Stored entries

####

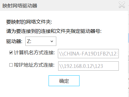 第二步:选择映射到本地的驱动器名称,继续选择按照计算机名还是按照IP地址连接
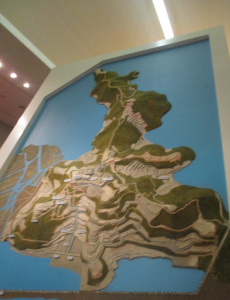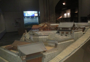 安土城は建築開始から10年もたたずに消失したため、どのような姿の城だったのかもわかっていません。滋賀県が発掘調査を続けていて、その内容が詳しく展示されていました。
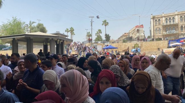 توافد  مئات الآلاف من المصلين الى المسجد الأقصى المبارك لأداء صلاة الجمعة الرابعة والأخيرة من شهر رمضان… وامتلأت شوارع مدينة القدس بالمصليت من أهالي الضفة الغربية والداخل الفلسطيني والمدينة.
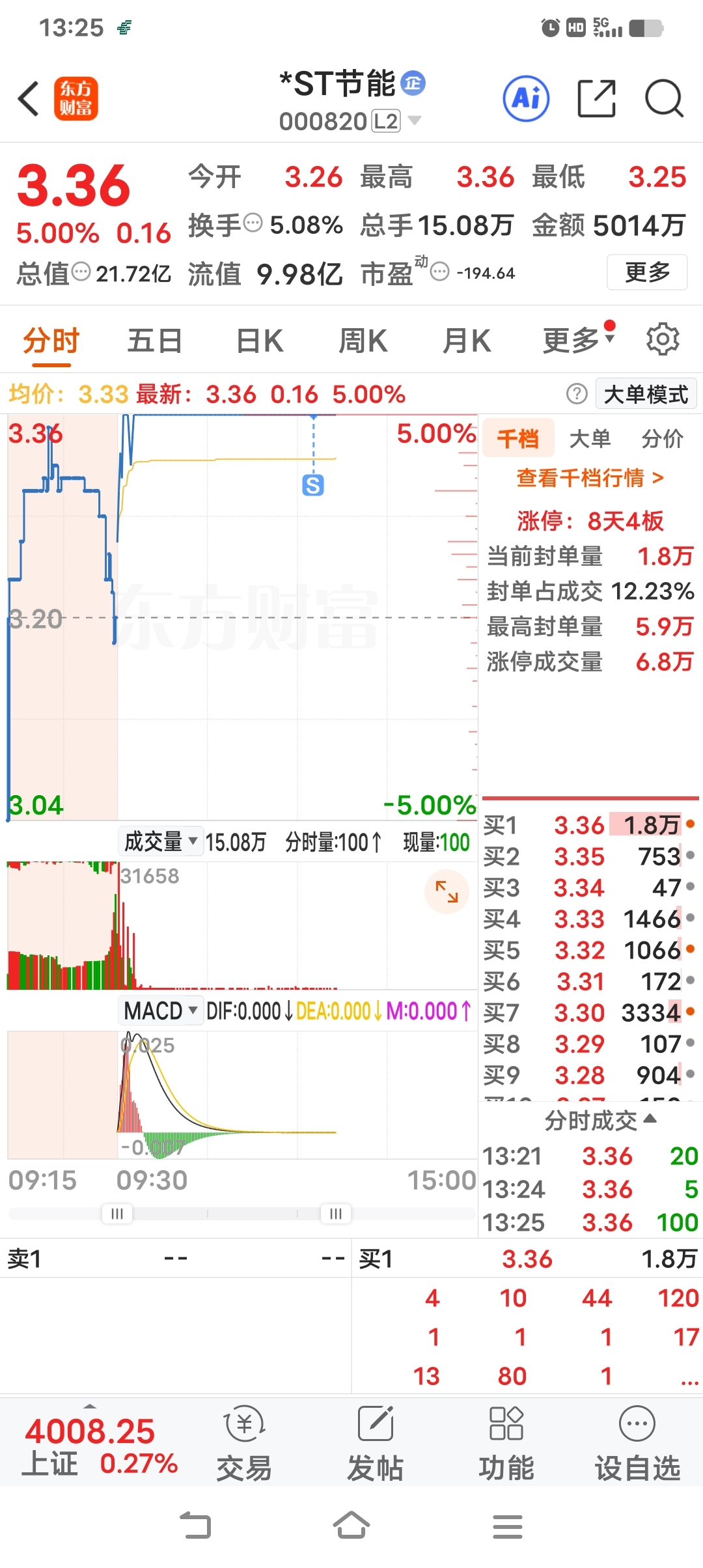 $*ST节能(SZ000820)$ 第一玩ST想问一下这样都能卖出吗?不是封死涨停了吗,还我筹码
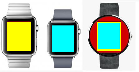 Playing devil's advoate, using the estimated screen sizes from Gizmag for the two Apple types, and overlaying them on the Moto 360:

####

• [Exercise details]
Copy out the records above in full, exactly as written, but not the pictures.

• [Response to the exercise]
 第二步:选择映射到本地的驱动器名称,继续选择按照计算机名还是按照IP地址连接
 安土城は建築開始から10年もたたずに消失したため、どのような姿の城だったのかもわかっていません。滋賀県が発掘調査を続けていて、その内容が詳しく展示されていました。
 توافد  مئات الآلاف من المصلين الى المسجد الأقصى المبارك لأداء صلاة الجمعة الرابعة والأخيرة من شهر رمضان… وامتلأت شوارع مدينة القدس بالمصليت من أهالي الضفة الغربية والداخل الفلسطيني والمدينة.
 $*ST节能(SZ000820)$ 第一玩ST想问一下这样都能卖出吗?不是封死涨停了吗,还我筹码
 Playing devil's advoate, using the estimated screen sizes from Gizmag for the two Apple types, and overlaying them on the Moto 360:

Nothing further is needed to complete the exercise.